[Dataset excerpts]
######
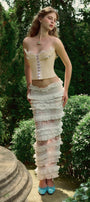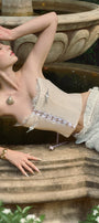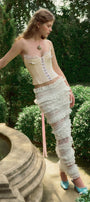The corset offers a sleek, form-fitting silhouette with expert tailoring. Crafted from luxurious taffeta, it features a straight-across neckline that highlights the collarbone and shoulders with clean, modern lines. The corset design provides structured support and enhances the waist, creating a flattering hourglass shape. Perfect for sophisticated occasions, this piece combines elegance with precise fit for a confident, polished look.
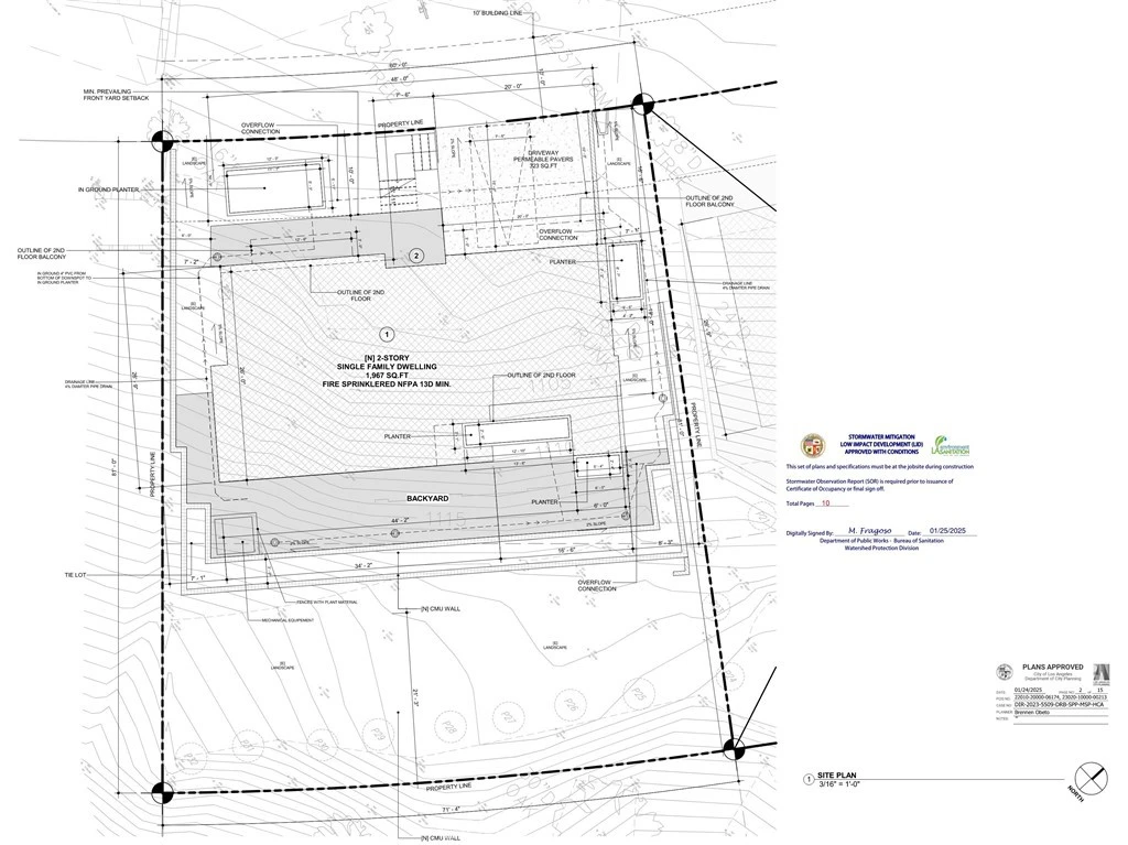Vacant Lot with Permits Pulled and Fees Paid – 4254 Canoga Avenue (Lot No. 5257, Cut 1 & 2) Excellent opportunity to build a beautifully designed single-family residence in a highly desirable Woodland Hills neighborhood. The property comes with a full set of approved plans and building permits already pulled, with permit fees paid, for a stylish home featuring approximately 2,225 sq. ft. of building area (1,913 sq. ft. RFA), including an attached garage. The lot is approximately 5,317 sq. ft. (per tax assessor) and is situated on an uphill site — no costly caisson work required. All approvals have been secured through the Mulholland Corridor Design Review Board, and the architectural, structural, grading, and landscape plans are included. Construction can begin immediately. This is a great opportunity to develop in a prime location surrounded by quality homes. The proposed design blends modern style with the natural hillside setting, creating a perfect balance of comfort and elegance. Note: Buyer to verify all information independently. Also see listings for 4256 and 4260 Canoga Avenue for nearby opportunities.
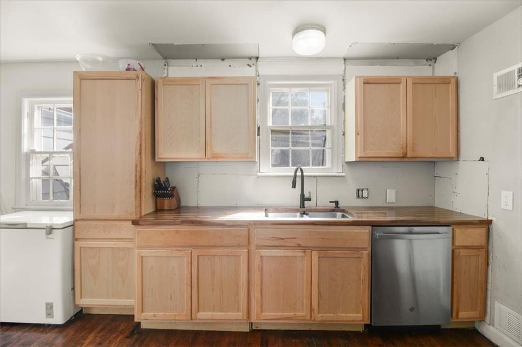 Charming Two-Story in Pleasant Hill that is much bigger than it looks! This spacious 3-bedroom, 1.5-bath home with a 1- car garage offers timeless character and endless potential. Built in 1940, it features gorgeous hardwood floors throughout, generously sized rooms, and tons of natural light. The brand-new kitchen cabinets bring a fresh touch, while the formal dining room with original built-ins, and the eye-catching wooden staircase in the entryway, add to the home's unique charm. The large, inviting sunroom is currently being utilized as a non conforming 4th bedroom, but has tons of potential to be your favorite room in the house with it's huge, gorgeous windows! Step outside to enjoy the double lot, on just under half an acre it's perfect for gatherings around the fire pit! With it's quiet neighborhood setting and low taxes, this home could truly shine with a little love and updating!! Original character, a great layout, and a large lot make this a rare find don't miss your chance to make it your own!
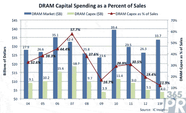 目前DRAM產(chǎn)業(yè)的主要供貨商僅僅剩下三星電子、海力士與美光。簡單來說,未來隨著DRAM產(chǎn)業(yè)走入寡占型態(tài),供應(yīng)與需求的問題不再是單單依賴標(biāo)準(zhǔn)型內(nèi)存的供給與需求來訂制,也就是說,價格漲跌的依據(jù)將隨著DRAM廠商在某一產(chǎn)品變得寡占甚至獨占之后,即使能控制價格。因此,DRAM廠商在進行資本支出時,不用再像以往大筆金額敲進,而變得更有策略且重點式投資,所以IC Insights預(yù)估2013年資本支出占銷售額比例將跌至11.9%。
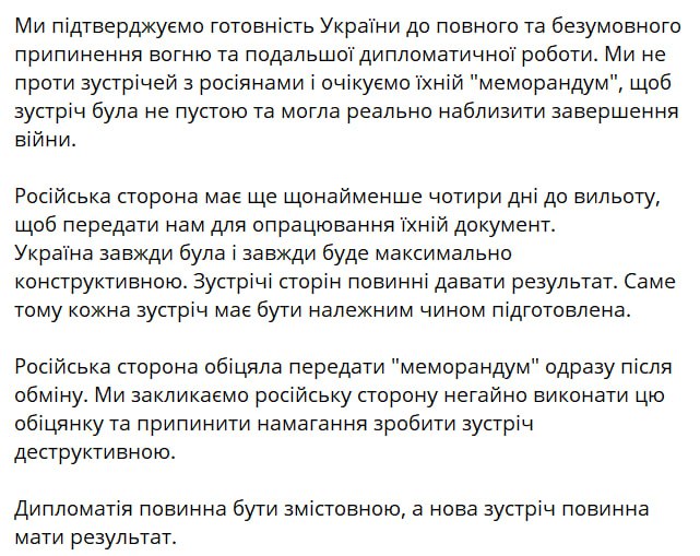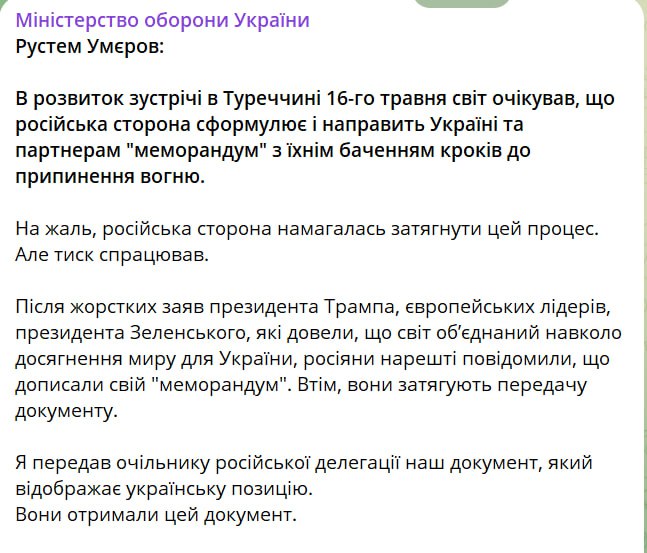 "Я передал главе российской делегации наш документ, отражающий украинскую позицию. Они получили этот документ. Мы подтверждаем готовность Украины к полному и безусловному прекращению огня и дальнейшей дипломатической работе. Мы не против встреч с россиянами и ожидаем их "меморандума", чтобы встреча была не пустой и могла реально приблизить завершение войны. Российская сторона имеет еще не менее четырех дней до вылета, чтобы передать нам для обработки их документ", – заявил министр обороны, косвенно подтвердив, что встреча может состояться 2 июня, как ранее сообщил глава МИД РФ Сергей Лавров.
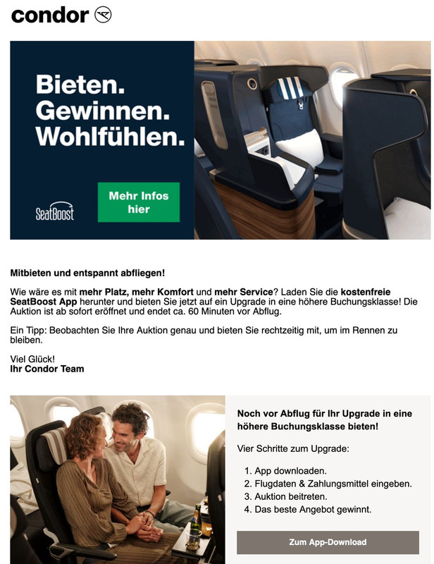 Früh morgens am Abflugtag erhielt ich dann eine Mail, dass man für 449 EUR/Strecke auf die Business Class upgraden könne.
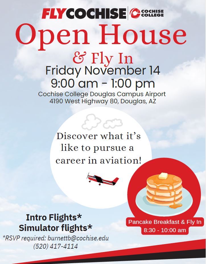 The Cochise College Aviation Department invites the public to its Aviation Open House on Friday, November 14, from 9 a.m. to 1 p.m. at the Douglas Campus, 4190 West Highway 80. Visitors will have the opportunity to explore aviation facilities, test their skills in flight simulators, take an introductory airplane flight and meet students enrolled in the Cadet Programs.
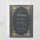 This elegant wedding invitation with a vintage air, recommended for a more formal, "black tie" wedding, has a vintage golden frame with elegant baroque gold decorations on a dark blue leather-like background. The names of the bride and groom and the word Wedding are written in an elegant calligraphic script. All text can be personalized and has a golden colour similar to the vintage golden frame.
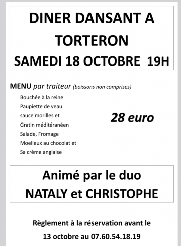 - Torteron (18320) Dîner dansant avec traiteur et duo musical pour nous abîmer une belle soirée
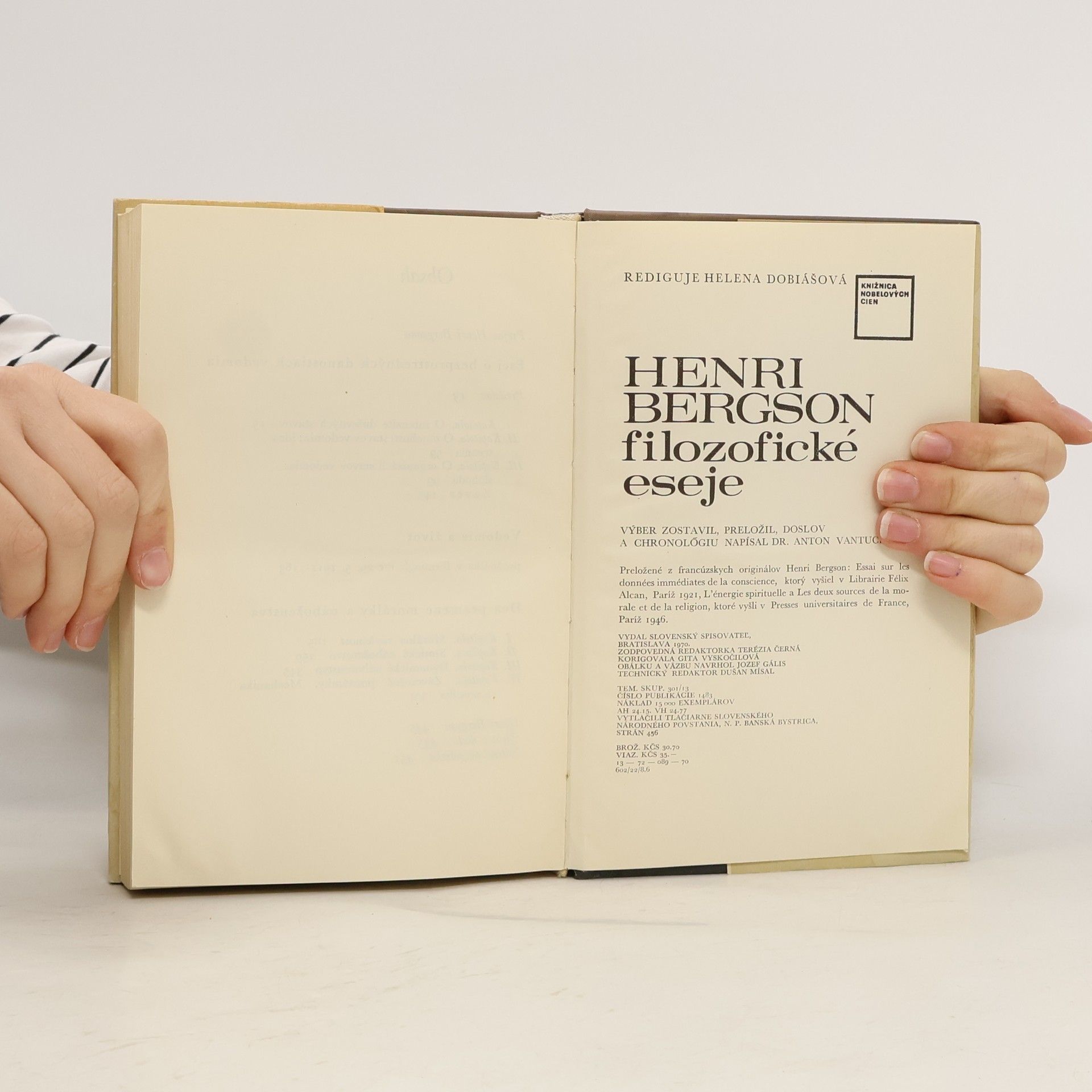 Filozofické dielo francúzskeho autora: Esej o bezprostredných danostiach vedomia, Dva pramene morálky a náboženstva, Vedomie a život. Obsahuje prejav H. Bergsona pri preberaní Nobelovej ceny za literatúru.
######
* _How to complete this task_
Output exactly the lines from the one containing "Früh morgens am" through the last line of the records above, both included, leaving out any pictures.

* _Expected output_
 Früh morgens am Abflugtag erhielt ich dann eine Mail, dass man für 449 EUR/Strecke auf die Business Class upgraden könne.
 The Cochise College Aviation Department invites the public to its Aviation Open House on Friday, November 14, from 9 a.m. to 1 p.m. at the Douglas Campus, 4190 West Highway 80. Visitors will have the opportunity to explore aviation facilities, test their skills in flight simulators, take an introductory airplane flight and meet students enrolled in the Cadet Programs.
 This elegant wedding invitation with a vintage air, recommended for a more formal, "black tie" wedding, has a vintage golden frame with elegant baroque gold decorations on a dark blue leather-like background. The names of the bride and groom and the word Wedding are written in an elegant calligraphic script. All text can be personalized and has a golden colour similar to the vintage golden frame.
 - Torteron (18320) Dîner dansant avec traiteur et duo musical pour nous abîmer une belle soirée
 Filozofické dielo francúzskeho autora: Esej o bezprostredných danostiach vedomia, Dva pramene morálky a náboženstva, Vedomie a život. Obsahuje prejav H. Bergsona pri preberaní Nobelovej ceny za literatúru.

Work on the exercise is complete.